I don’t know how it is with you, but my favorite part of the interview is logical tasks.
I had a lot of interviews on the vacancy of the developer, so I got a small collection.
I hasten to share with you!

Some tasks are simpler and more widely known, others make you think hard.
I won’t publish the answers so far, I hope you can decide everything yourself.
I propose to stretch my brain ...

1) A man built a house, all of whose walls face south. A bear climbed into his house. What color is the bear?

2) There are 12 coins on the table, one of which is false. It differs from the rest only in mass. For what minimum number of weighings on a cup scale can a counterfeit be found?

3) In the first isolated room - three bulbs, in the second - three switches from each of them. You can arbitrarily pull the switches, but you can only switch from the second room to the first one once. How to find out from which light bulb each switch, if you can reach the ceiling with your hand?
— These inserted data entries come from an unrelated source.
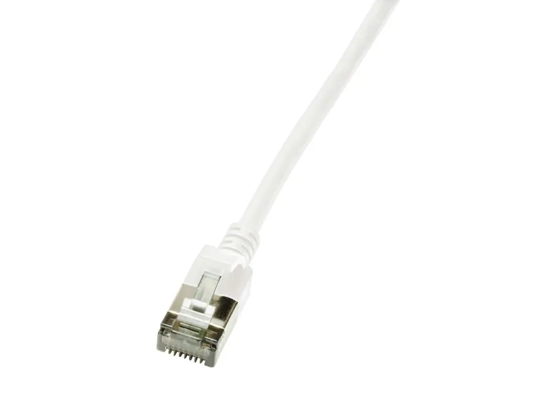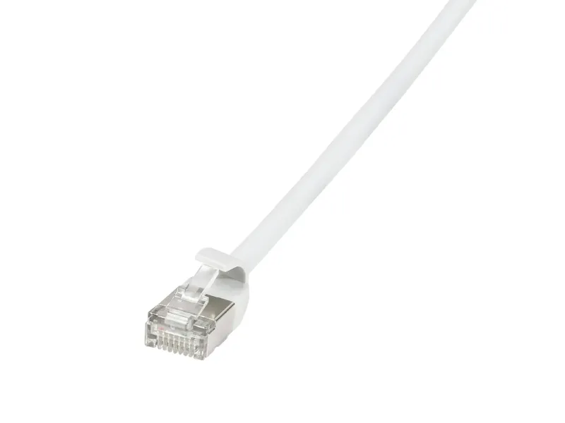 Product information "CAT.6A patch cable, STP TPE, SlimLine, white, 0.3m"\nMakes network cabling flexible and save spacing like never before when using LogiLink’s SlimLine CAT6A patch cables. With much thinner diameter than a standard patch cord, these cables allow the user to be much more flexible into smaller places when networking becomes tight without loosing speed or reliability. Clear up server rooms and reduce congestion in data centers with these sleek and slender Cat6a Slim patch cords.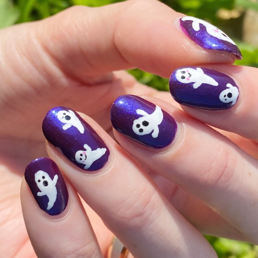 I totally didn’t realize I was going a second purple Halloween design in a row, I just really wanted to wear TGIF because of that beautiful blue glow it has! I do just absolutely adore how these ghosts turned out though — better than I could have (& did) picture in my head. Kind of cute, kind of spooky.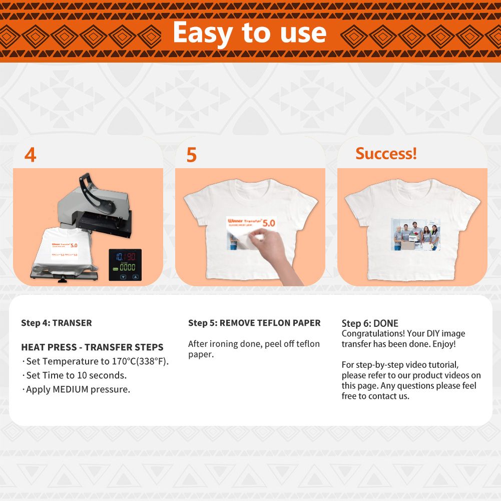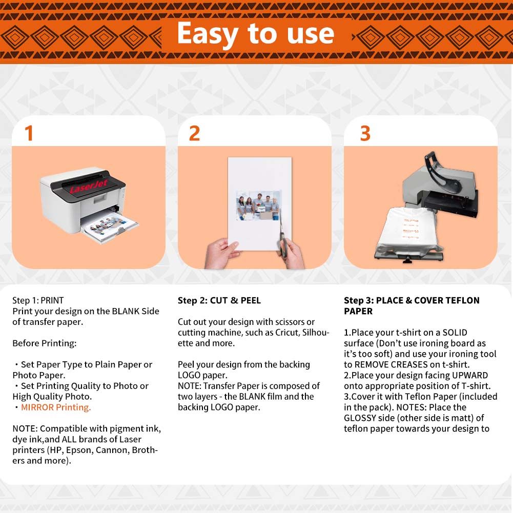EASY TO USE: [1] Print & Cut out the image. [2] Peel & Place the printed image facing UPWARD onto fabric and cover the image with Teflon Paper. [3] Transfer Image with Iron or Heat Press. [4] Remove the teflon paper. Transfer has been done! Step-by-step instructions are on the back of cover paper in the pack.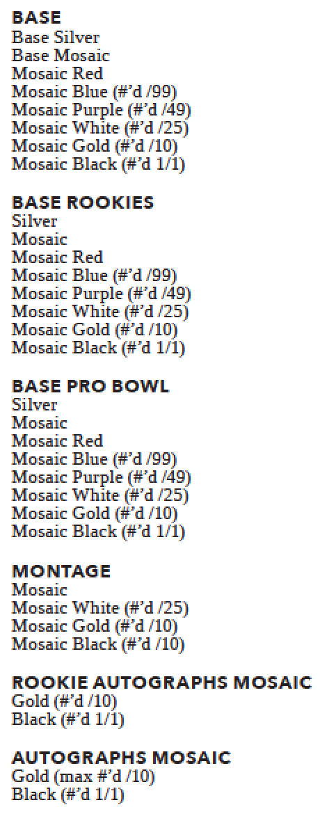 The Basics: Each box will include five Silver parallels, 15 more Mosaic parallels and 20 inserts atop the hits. Hobby boxes will be the only place to find inserts that include In it to Win it, Center Stage, Swagger, Stained Glass and Overdrive, while hobby-only ink will include Mosaic autos for rookies and veterans as well as rare Gold and Black parallels, too. ... For the 300-card base set, there will be a number of parallels -- see the gallery below -- while other inclusions will be Montage and Pro Bowl cards. ... Boxes will carry a suggested retail price of $120. ... Note: The Rookie Card mocks here use last year's standouts -- this year's rookies will be found in this release.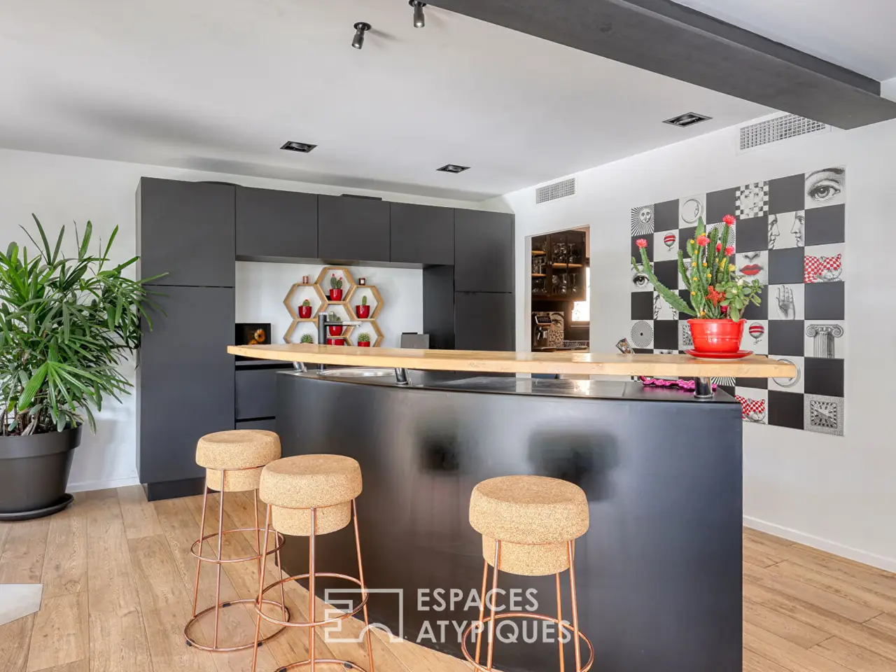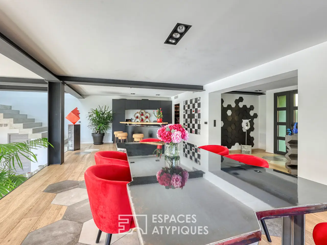 The theatrical dining room harmoniously complements the living room, connected to a fitted and equipped kitchen, ingeniously designed for entertaining with its counter.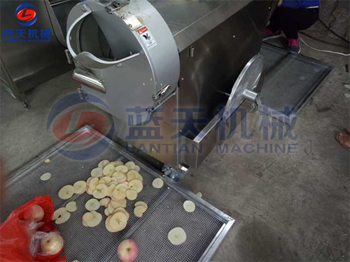 二、攤放在物料托盤上,蘋果片都裝好后,推入蘋果片烘干機內進行烘干

4) Two ropes and matches are given. Each of the ropes burns out in 1 hour, but they burn unevenly, so it is impossible to know exactly what part of the rope will burn in what time. How to measure the interval of 45 minutes with these ropes?

5) Three vending machines with drinks were brought to the office. The first gives tea, the second coffee, and the third randomly tea or coffee. A glass of any drink costs one coin. Each machine has a sticker with the name of the product that it issues. It so happened that the labels were mixed up at the factory and each machine turned out to be wrong. How many coins do you need to spend to find out where is which machine?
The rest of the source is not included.